While BP publicly stuck to claims that its blow-out well was leaking at rate of 5,000 gallons of oil per day, the company was privately operating under the assumption that at least five times that amount was gushing into the Gulf, according to documents released today by congressional investigators.
BP’s internal estimate of 53,000 barrels per day is buried in one of the company’s requests to use more than the maximum threshold of dispersants established by the EPA, which the Coast Guard released earlier this month. In letters dated July 6 and 11 to the government’s on-scene coordinator in the Gulf, at that time Coast Guard Admiral James Watson, BP Chief Operating Office Doug Suttles cited the 53,000 figure in justifying the company’s request to use 25,200 gallons of dispersant per day to break up the oil.
The official per-day estimate of the spill’s size is still a large range. The government’s flow rate team has said that during the three months that oil was spewing into the Gulf anywhere from 35,000 to 60,000 barrels may have leaked daily. But BP, after first claiming oil was entering the Gulf at a rate of 1,000 barrels per day and then later adopting the initial, extremely low government estimate of 5,000 barrels, hasn’t offered another estimate of its own in weeks.
The government team is expected to come up with a more concrete estimate, though there’s some concern that we’ll never get a truly accurate figure, which is crucial to levying fines against BP and assessing damages in the Gulf.
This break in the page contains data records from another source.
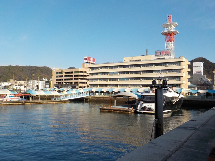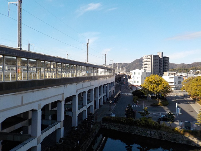 ホテルをチェックアウトして、三原港や三原城跡などの三原駅周辺を散策しました。新幹線の三原駅ホームは、三原城の本丸跡に建っていて、三原城の天主台と新幹線ホームが隣接しています。お城と電車が好きな人にはたまりません。笑
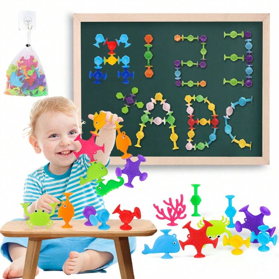 針對3-5歲幼童的嬰兒吸盤玩具,適用於4-8歲兒童的浴室玩具,40pcs海洋感官玩具附網袋收納,使用硅膠窗口浴缸旅行玩具,男女兒童禮物
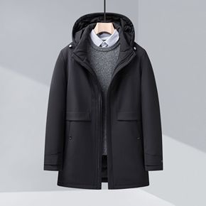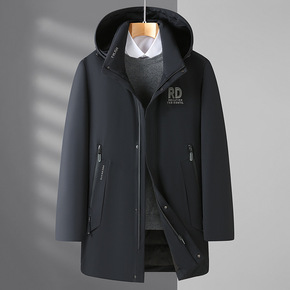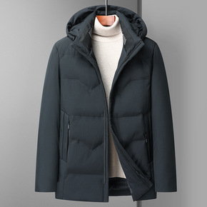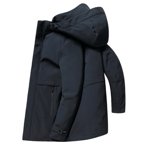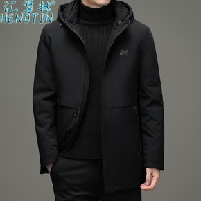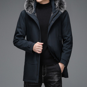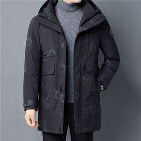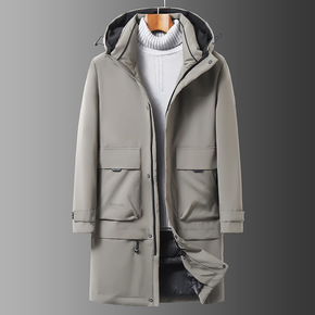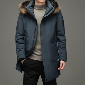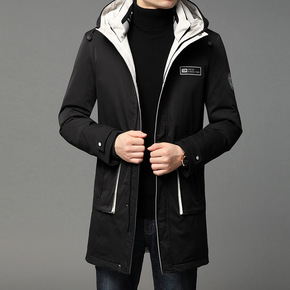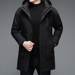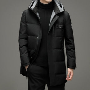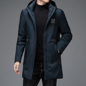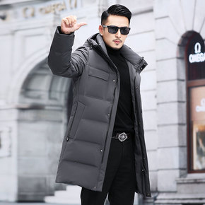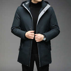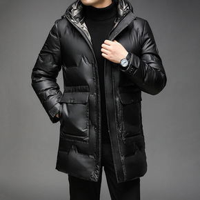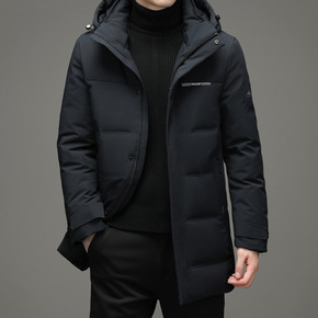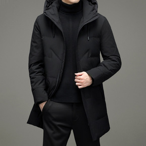 2021年冬季新款男士羽绒服中长款连帽加厚商务男装...
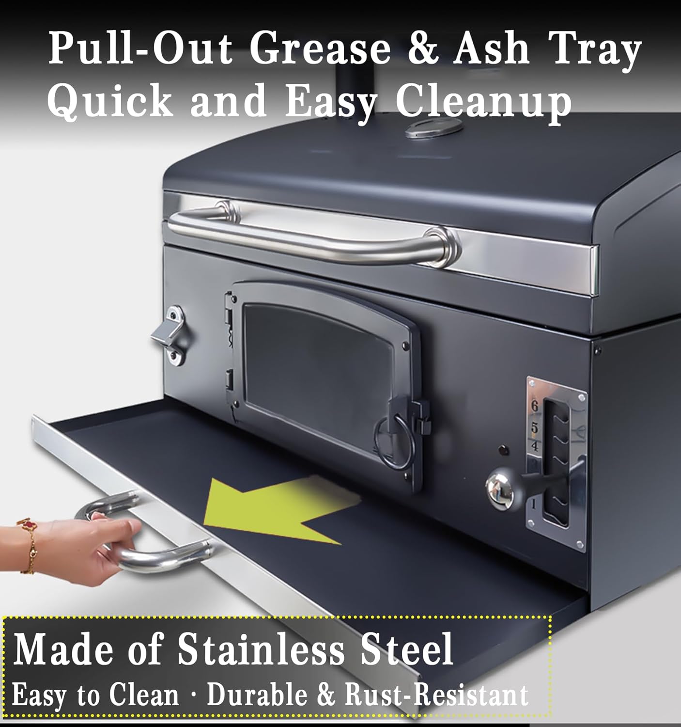 - Easy Charcoal Access Door & Ash Tray : This bbq charcoal grills has individual doors with cool-touch metal handle on the front cover where you can add fuel (or re-arrange the hot coals) while cooking without having to move the food or remove the grills. Hassle-Free Cleaning with Slide-Out Ash & Grease Tray Built-in stainless steel drawer-style drip tray collects grease and ash for quick and easy cleanup after every cookout.
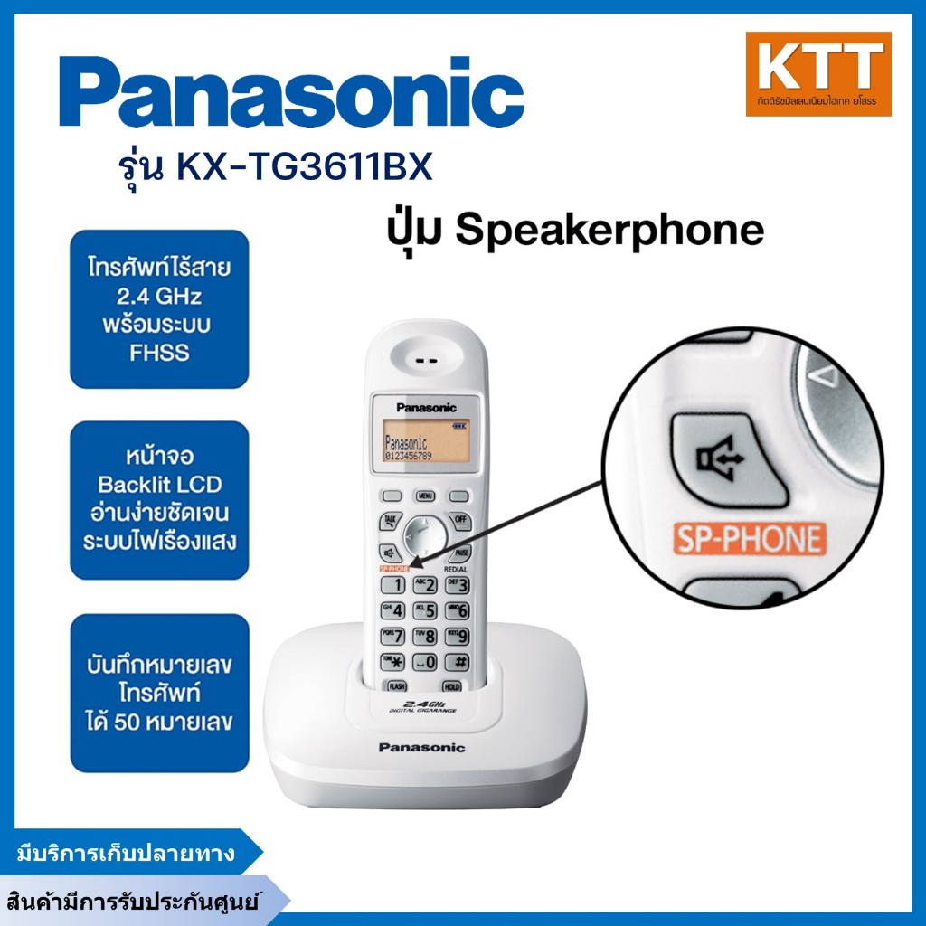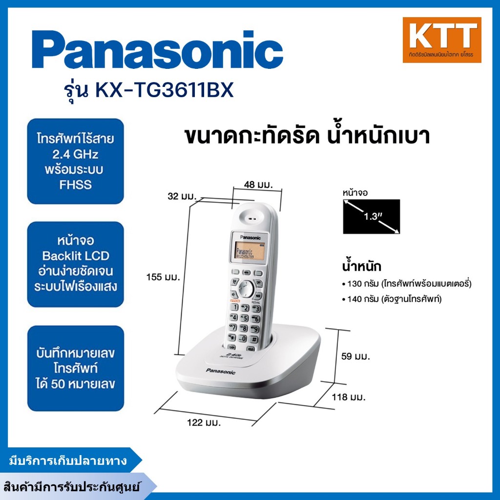 Panasonic Cordless Phone โทรศัพท์ไร้สายพานาโซนิค รุ่น KX-TG3611BX มีจอ สีขาว โทรศัพท์ สำนักงาน บ้าน
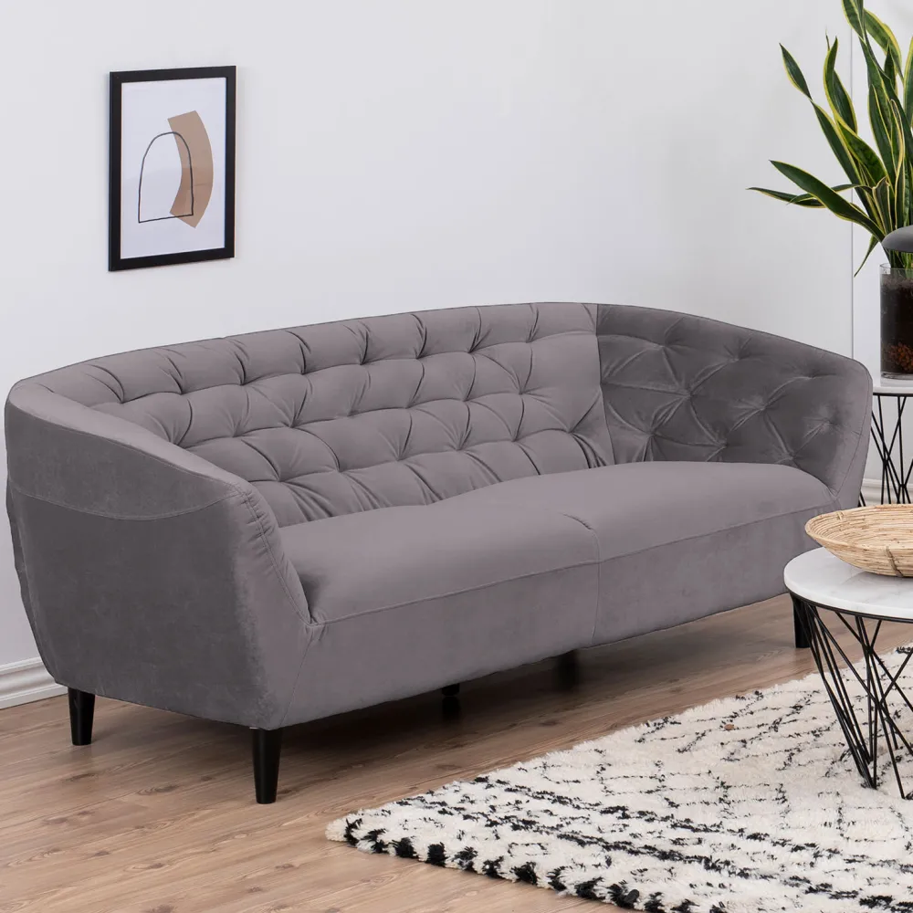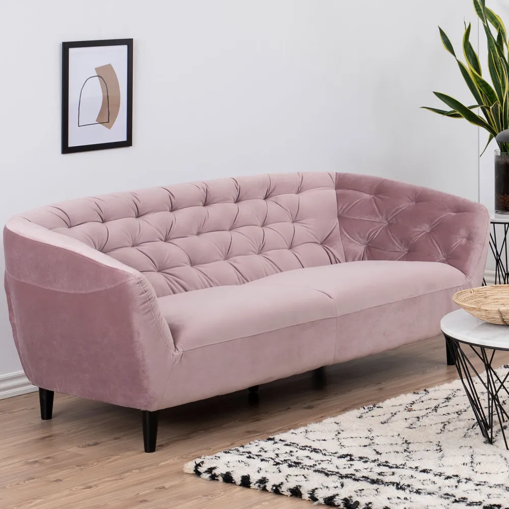 Deze roze 3-zitsbank met een rond karakter zit boordevol stijl. Het fluwelen oppervlak zorgt voor een zachte sensatie, terwijl de pocketveren voor veel comfort zorgen en de lounge-ervaring verbeteren. Van het vrouwelijke tuftdetail tot de ronde, taps toelopende zwarte poten straalt deze bank een klassieke esthetiek uit.
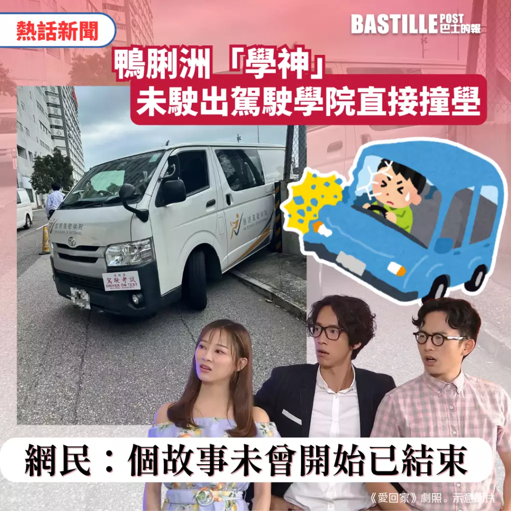 鴨脷洲「學神」未駛出駕駛學院直接撞壆 網民:個故事未曾開始已結束
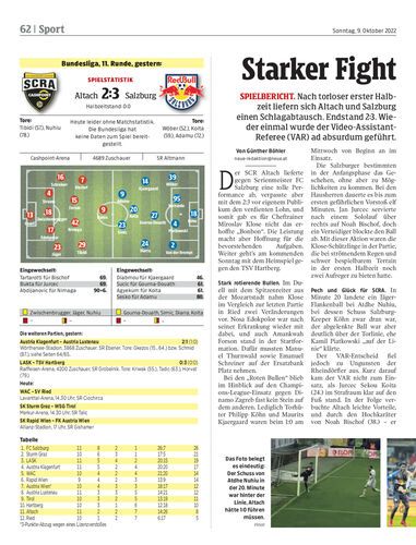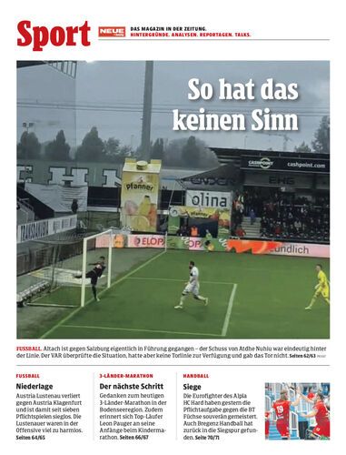 Spielbericht. Nach torloser erster Halbzeit liefern sich Altach und Salzburg einen Schlagabtausch. Endstand 2:3. Wieder einmal wurde der Video-Assistant-Referee (VAR) ad absurdum geführt.

“In the case of BP’s financial liability and the flow rate of this spill, ambiguity is BP’s ally, and precision is the government’s,” said Rep. Ed Markey (D-Mass.), who chairs the Energy and Environment Subcommittee and the Select Committee on Energy Independence and Global Warming, which released the BP document. “This document turns the tables on BP by exposing their own assumptions about the size of the spill.”